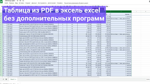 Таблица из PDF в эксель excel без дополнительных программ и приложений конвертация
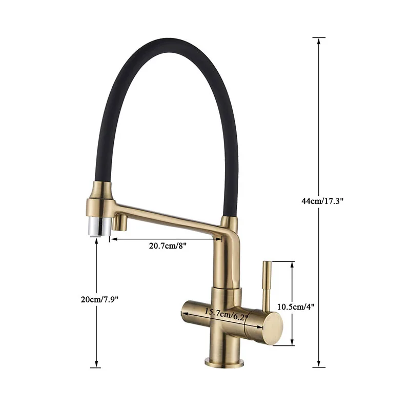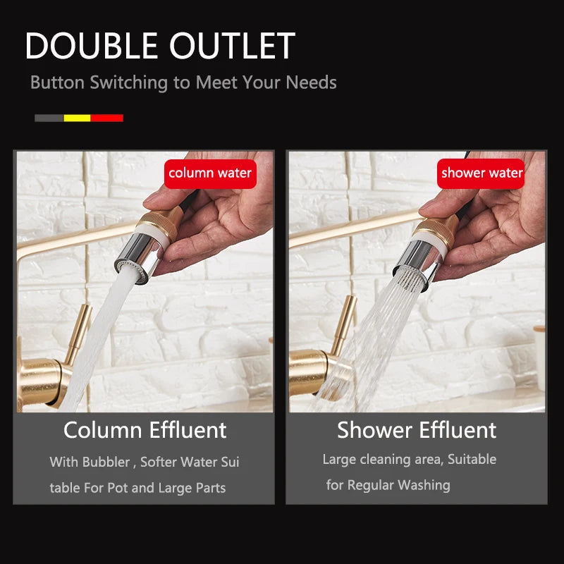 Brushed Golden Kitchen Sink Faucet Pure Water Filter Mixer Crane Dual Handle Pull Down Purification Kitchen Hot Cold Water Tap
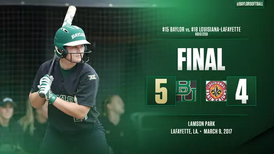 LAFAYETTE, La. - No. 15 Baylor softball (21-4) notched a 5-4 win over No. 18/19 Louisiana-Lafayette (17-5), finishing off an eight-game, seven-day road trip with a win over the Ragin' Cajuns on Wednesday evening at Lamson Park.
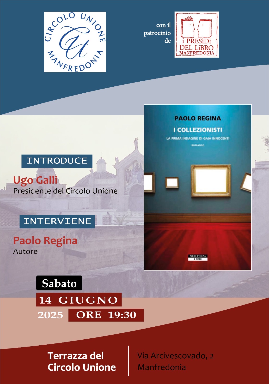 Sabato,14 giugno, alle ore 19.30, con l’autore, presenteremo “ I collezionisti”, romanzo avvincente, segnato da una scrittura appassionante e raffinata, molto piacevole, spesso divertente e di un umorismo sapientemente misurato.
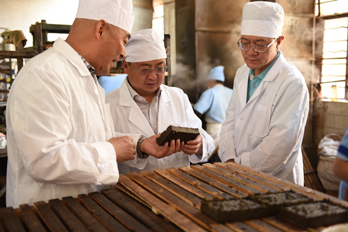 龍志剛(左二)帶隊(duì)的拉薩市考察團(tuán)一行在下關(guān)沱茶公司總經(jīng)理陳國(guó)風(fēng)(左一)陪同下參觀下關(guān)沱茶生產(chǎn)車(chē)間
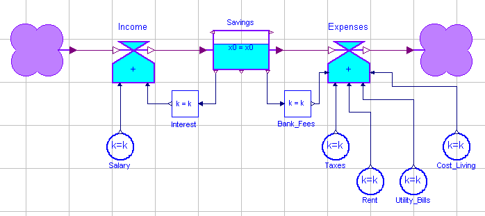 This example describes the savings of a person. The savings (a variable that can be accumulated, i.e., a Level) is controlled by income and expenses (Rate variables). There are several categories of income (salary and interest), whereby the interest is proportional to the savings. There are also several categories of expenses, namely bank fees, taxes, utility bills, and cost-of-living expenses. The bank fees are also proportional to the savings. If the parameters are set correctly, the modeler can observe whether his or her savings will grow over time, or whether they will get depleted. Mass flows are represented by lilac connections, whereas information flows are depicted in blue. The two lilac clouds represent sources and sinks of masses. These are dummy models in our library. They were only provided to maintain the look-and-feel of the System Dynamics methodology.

_ _ _ _ _ _ _

- Work item:
Please copy, exactly and only, the lines of the listing that run from the one holding "LAFAYETTE, La. - No." through its last line, and exclude pictures.

- Reply:
 LAFAYETTE, La. - No. 15 Baylor softball (21-4) notched a 5-4 win over No. 18/19 Louisiana-Lafayette (17-5), finishing off an eight-game, seven-day road trip with a win over the Ragin' Cajuns on Wednesday evening at Lamson Park.
 Sabato,14 giugno, alle ore 19.30, con l’autore, presenteremo “ I collezionisti”, romanzo avvincente, segnato da una scrittura appassionante e raffinata, molto piacevole, spesso divertente e di un umorismo sapientemente misurato.
 龍志剛(左二)帶隊(duì)的拉薩市考察團(tuán)一行在下關(guān)沱茶公司總經(jīng)理陳國(guó)風(fēng)(左一)陪同下參觀下關(guān)沱茶生產(chǎn)車(chē)間
 This example describes the savings of a person. The savings (a variable that can be accumulated, i.e., a Level) is controlled by income and expenses (Rate variables). There are several categories of income (salary and interest), whereby the interest is proportional to the savings. There are also several categories of expenses, namely bank fees, taxes, utility bills, and cost-of-living expenses. The bank fees are also proportional to the savings. If the parameters are set correctly, the modeler can observe whether his or her savings will grow over time, or whether they will get depleted. Mass flows are represented by lilac connections, whereas information flows are depicted in blue. The two lilac clouds represent sources and sinks of masses. These are dummy models in our library. They were only provided to maintain the look-and-feel of the System Dynamics methodology.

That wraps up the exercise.